*** MATERIAL PROVIDED Section Begins ***

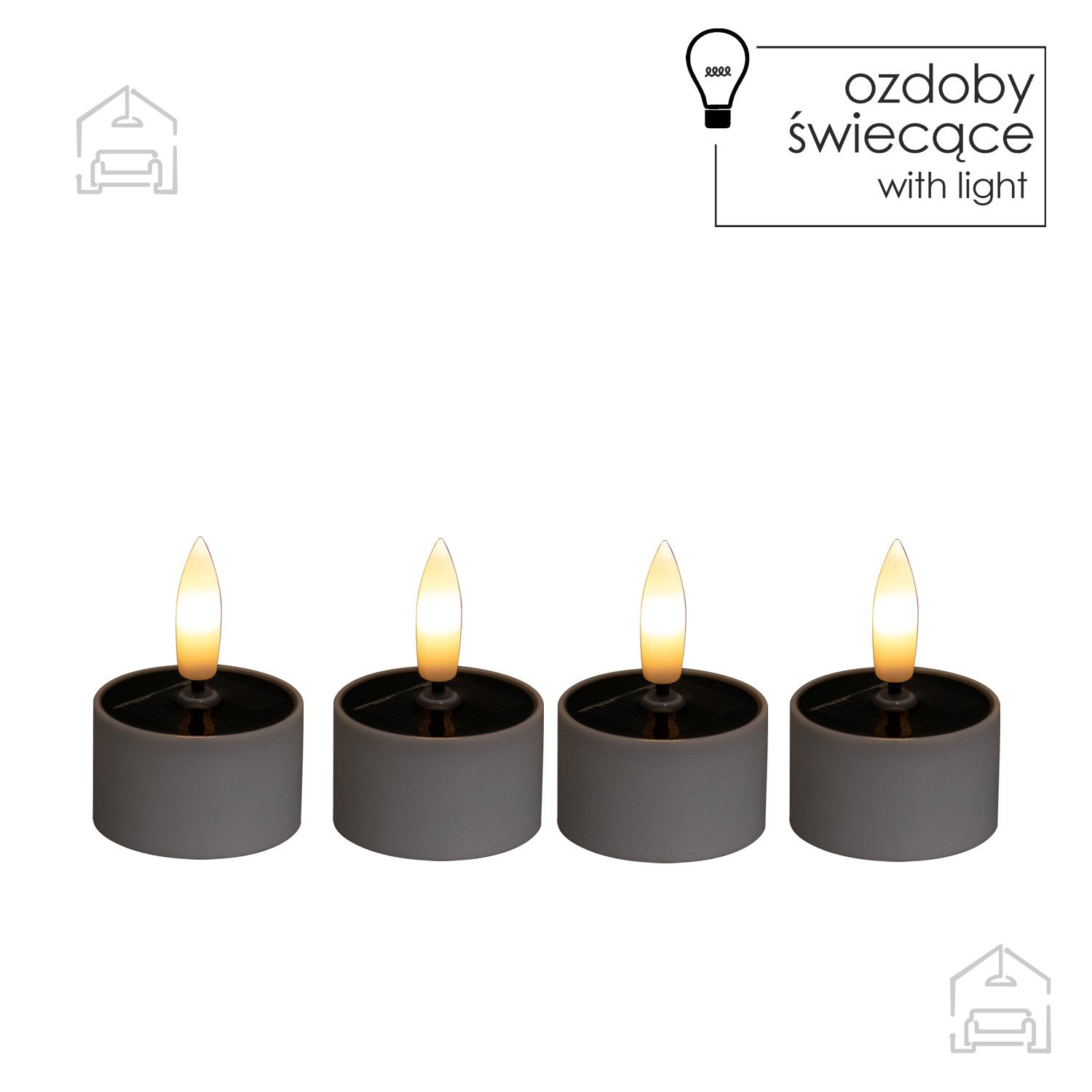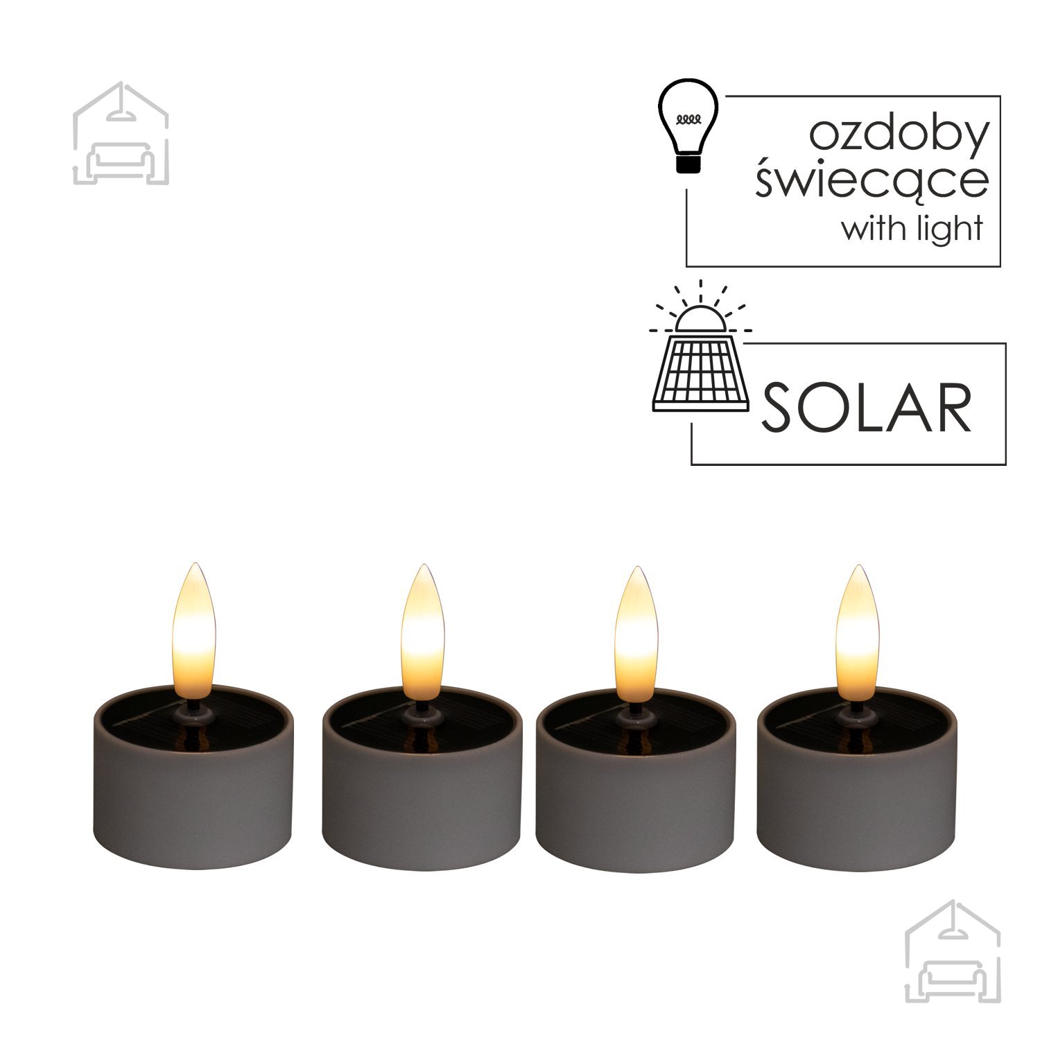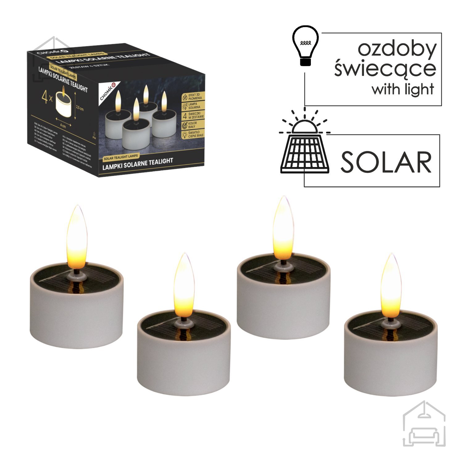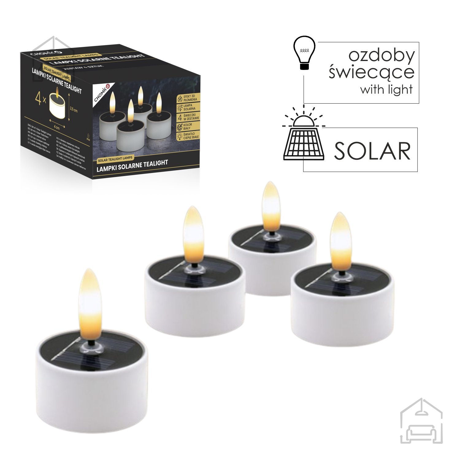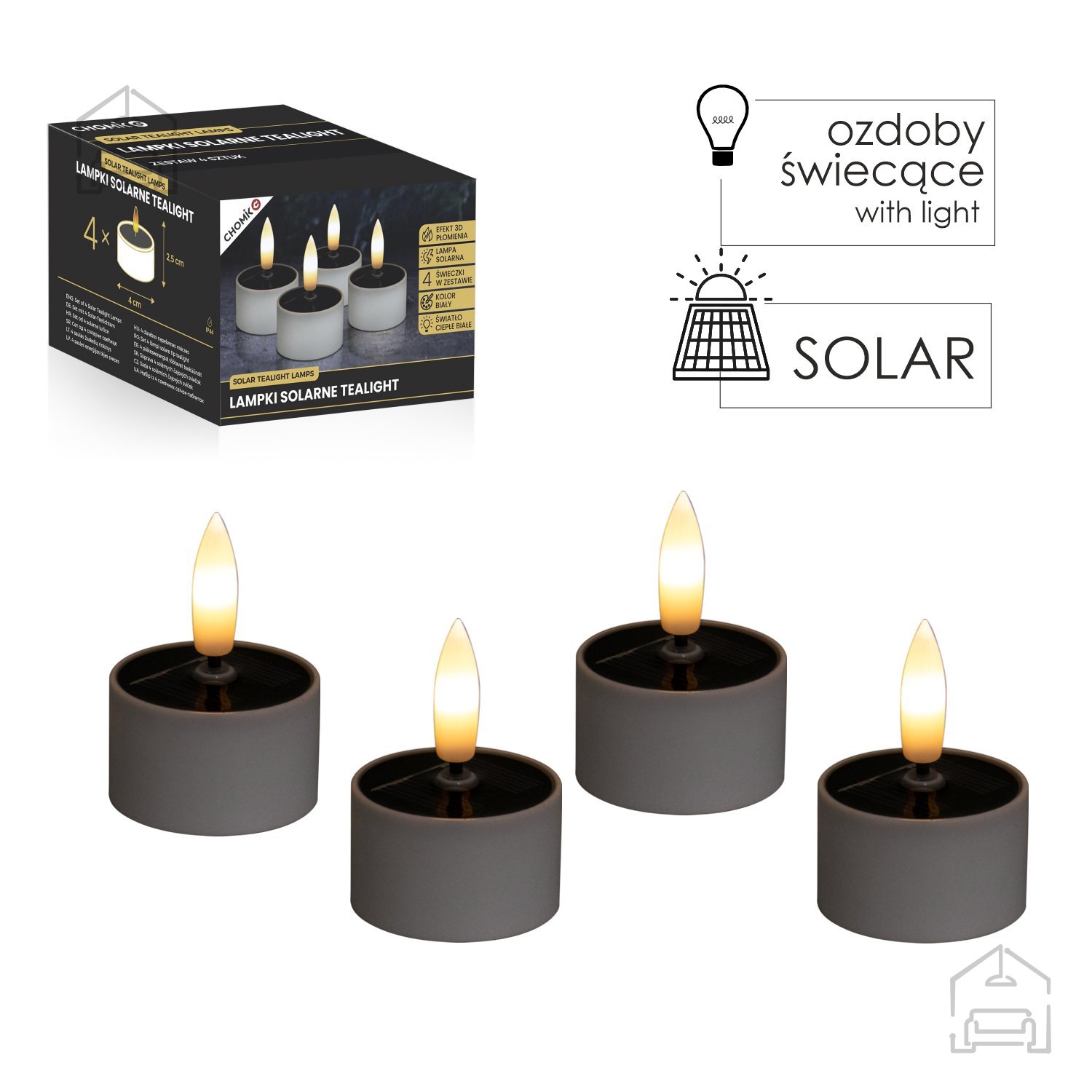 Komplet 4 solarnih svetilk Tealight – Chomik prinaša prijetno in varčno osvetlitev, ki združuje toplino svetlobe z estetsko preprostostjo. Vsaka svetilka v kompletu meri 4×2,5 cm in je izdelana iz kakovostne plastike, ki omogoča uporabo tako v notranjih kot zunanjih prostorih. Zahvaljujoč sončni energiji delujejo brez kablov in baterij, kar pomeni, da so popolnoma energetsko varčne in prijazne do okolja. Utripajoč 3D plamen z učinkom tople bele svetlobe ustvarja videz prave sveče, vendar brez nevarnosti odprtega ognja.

*** MATERIAL PROVIDED Section Ends ***
*** MATERIAL PROVIDED Section Begins ***

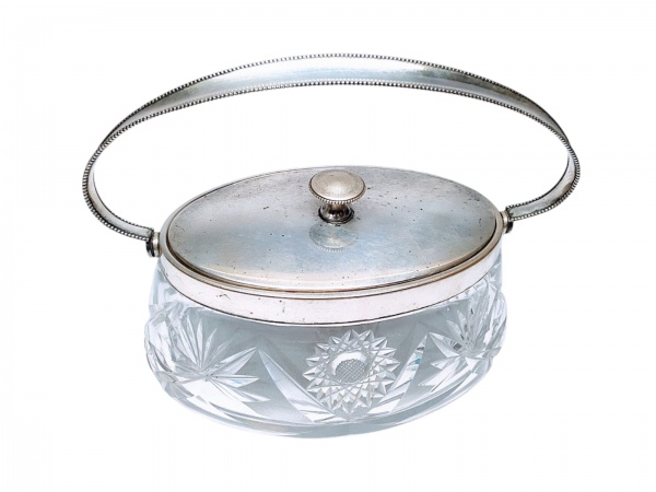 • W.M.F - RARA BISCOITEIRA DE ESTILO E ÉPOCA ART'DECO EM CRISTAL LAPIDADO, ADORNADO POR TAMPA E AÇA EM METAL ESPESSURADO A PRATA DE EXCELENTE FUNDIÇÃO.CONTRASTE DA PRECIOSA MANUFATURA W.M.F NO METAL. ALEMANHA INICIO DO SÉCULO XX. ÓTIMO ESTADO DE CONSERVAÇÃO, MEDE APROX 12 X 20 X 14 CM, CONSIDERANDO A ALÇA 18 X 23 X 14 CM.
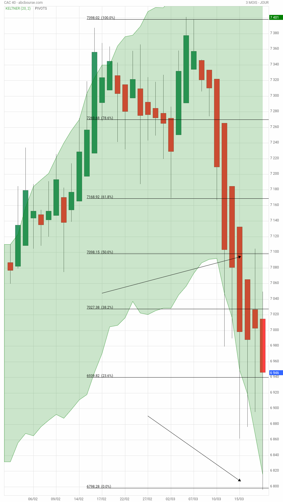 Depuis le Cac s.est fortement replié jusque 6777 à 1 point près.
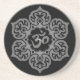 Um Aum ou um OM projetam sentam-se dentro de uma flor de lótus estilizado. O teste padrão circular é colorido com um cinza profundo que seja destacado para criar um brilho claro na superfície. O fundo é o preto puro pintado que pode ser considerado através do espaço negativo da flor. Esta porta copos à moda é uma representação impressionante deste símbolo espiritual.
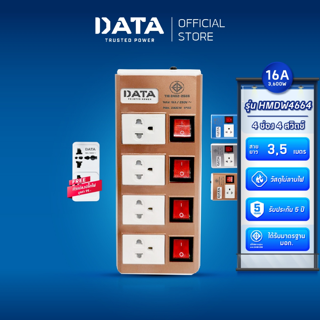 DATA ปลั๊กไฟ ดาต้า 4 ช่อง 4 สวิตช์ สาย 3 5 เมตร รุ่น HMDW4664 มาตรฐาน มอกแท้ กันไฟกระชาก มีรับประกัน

*** MATERIAL PROVIDED Section Ends ***

Print everything from the line with "23 X 14 CM." down to the line with "Depuis le Cac" in the entries above, both lines included and nothing more, without the pictures.

-- ANSWER FOR THIS EXERCISE --
 • W.M.F - RARA BISCOITEIRA DE ESTILO E ÉPOCA ART'DECO EM CRISTAL LAPIDADO, ADORNADO POR TAMPA E AÇA EM METAL ESPESSURADO A PRATA DE EXCELENTE FUNDIÇÃO.CONTRASTE DA PRECIOSA MANUFATURA W.M.F NO METAL. ALEMANHA INICIO DO SÉCULO XX. ÓTIMO ESTADO DE CONSERVAÇÃO, MEDE APROX 12 X 20 X 14 CM, CONSIDERANDO A ALÇA 18 X 23 X 14 CM.
 Depuis le Cac s.est fortement replié jusque 6777 à 1 point près.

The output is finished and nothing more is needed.